Data records START

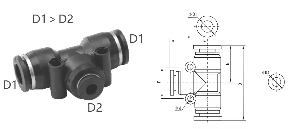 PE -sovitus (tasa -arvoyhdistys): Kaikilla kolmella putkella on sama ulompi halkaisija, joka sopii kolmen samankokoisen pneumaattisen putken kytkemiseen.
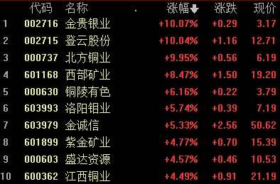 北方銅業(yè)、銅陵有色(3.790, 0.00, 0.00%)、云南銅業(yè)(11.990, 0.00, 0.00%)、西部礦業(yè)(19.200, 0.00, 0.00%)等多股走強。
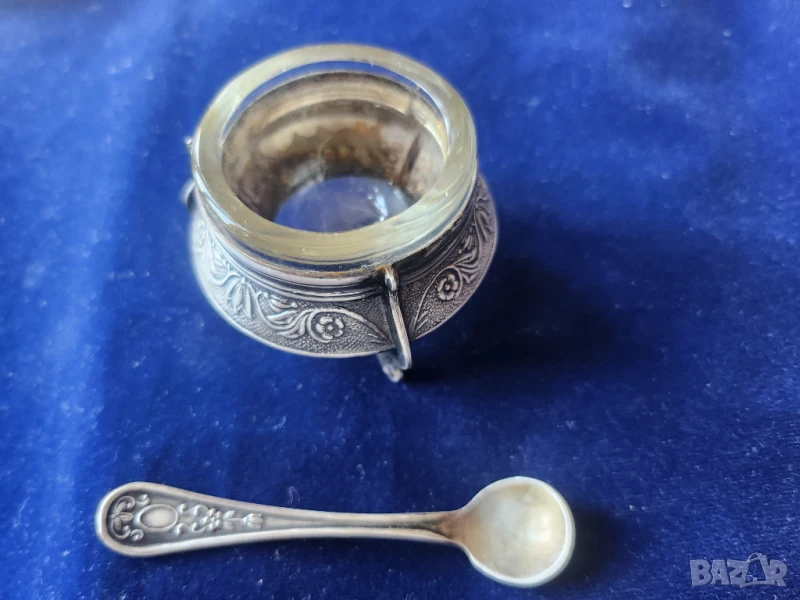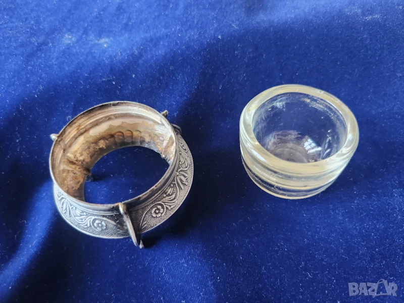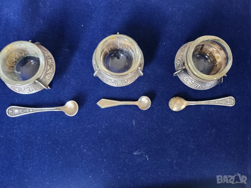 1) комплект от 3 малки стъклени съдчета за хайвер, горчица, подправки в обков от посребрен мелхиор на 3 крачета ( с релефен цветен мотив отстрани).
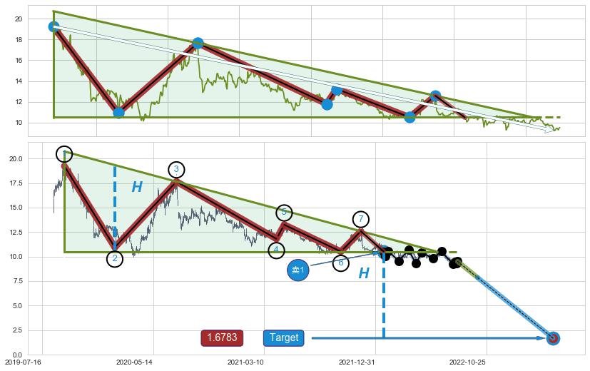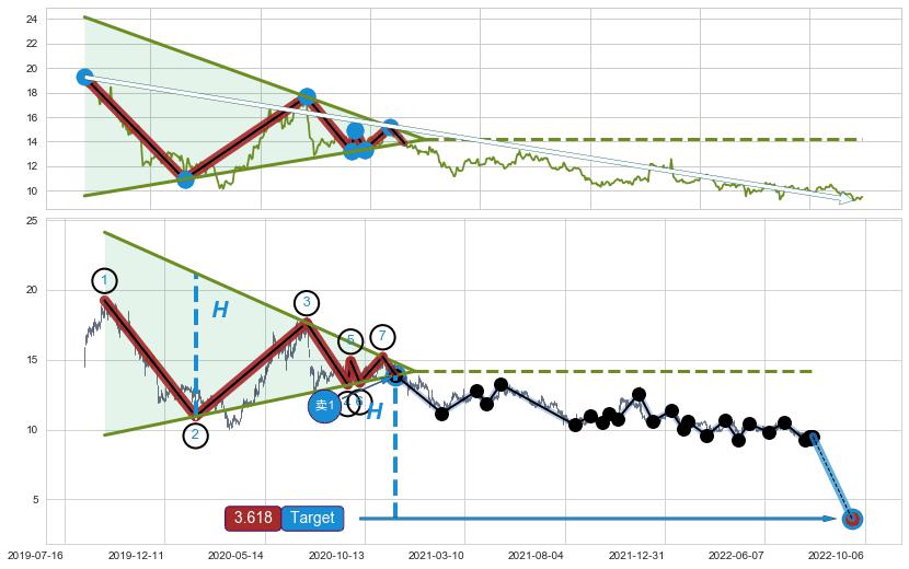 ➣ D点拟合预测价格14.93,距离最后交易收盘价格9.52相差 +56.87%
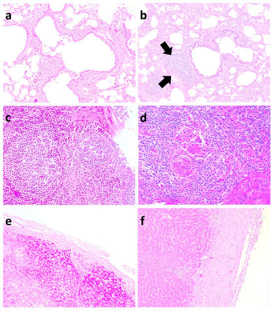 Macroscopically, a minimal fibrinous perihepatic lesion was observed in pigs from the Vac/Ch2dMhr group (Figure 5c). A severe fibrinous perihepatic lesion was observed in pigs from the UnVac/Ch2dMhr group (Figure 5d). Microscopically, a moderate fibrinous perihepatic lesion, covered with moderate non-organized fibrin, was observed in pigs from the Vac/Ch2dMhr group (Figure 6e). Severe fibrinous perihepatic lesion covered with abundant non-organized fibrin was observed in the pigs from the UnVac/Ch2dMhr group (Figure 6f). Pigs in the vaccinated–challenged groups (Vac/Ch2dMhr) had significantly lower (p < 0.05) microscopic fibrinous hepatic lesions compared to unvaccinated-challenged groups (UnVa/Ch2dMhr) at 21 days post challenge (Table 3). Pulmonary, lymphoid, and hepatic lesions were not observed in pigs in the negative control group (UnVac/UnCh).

Data records END
Data records START

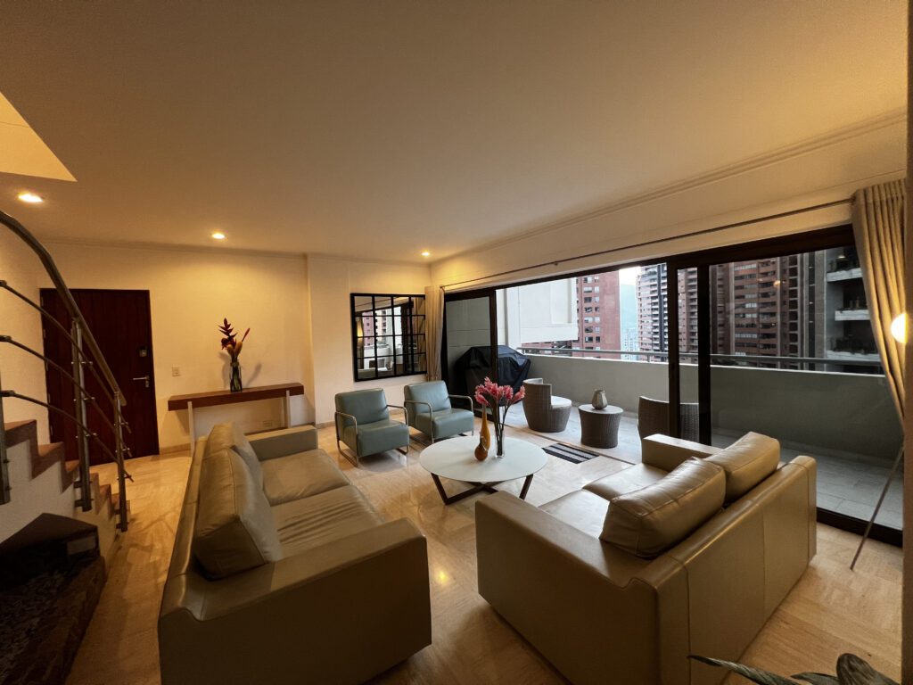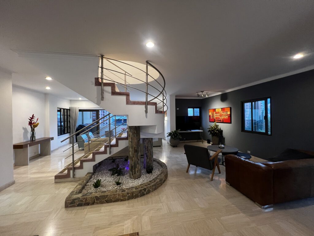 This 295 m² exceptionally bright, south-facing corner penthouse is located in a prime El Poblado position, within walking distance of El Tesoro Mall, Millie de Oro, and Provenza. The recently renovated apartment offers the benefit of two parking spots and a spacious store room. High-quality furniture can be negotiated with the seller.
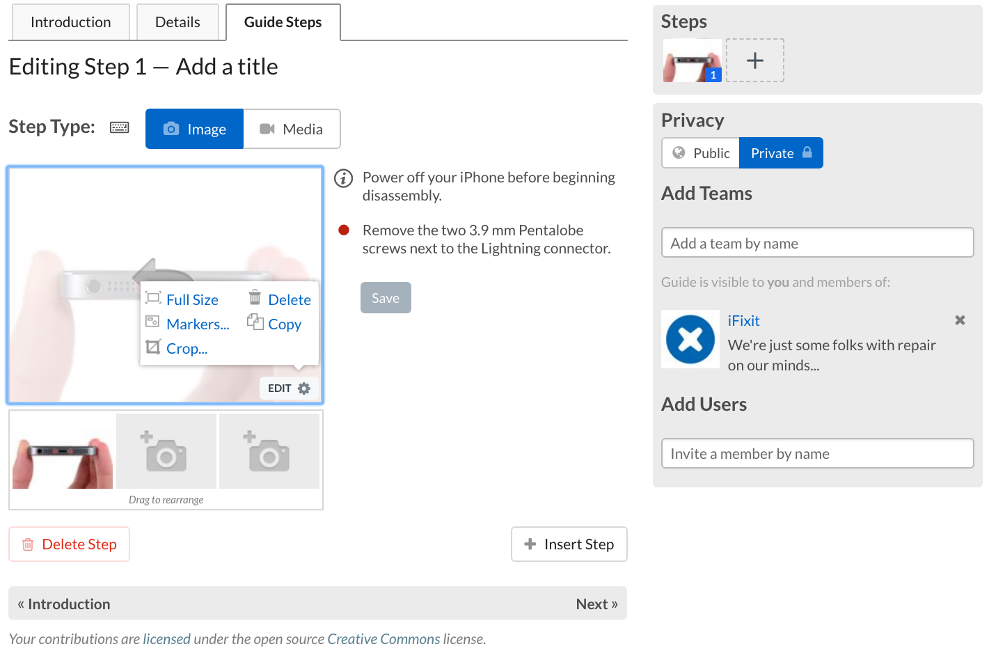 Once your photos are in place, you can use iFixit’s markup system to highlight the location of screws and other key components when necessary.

Data records END
Data records START

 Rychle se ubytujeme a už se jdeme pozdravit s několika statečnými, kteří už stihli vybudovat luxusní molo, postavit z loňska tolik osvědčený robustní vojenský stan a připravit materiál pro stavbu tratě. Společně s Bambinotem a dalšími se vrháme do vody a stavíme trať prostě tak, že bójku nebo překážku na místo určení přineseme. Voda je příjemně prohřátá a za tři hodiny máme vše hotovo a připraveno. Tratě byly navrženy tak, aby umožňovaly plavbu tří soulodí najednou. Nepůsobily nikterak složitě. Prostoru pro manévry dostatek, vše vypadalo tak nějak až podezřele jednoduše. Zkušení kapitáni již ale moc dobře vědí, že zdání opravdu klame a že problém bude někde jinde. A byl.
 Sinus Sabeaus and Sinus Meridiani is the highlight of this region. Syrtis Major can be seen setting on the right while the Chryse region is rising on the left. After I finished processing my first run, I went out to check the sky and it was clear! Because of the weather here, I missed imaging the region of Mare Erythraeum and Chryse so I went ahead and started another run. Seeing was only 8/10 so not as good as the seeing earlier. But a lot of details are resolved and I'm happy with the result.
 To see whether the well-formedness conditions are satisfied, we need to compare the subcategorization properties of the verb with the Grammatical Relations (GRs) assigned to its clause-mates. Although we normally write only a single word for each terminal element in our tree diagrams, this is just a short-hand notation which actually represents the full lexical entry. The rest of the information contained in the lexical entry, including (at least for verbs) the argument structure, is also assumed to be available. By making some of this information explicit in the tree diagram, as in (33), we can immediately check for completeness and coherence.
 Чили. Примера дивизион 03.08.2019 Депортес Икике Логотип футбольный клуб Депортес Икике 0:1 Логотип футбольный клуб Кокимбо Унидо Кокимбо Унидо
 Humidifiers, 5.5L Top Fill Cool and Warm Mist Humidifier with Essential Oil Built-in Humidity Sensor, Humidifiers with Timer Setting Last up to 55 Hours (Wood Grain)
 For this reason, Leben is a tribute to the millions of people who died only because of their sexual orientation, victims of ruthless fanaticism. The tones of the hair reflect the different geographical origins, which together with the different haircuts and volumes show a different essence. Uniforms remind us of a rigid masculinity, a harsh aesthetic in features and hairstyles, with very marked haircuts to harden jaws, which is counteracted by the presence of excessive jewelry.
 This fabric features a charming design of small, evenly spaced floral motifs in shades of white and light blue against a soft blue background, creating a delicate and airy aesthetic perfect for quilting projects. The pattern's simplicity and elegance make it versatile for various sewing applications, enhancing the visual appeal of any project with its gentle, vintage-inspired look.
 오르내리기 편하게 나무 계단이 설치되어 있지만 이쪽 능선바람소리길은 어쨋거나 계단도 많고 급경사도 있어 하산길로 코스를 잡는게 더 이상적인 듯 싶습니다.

Data records END

Above are the lines; repeat exactly the ones from the line containing "This fabric features" down to the line containing "오르내리기 편하게 나무", both inclusive.

 This fabric features a charming design of small, evenly spaced floral motifs in shades of white and light blue against a soft blue background, creating a delicate and airy aesthetic perfect for quilting projects. The pattern's simplicity and elegance make it versatile for various sewing applications, enhancing the visual appeal of any project with its gentle, vintage-inspired look.
 오르내리기 편하게 나무 계단이 설치되어 있지만 이쪽 능선바람소리길은 어쨋거나 계단도 많고 급경사도 있어 하산길로 코스를 잡는게 더 이상적인 듯 싶습니다.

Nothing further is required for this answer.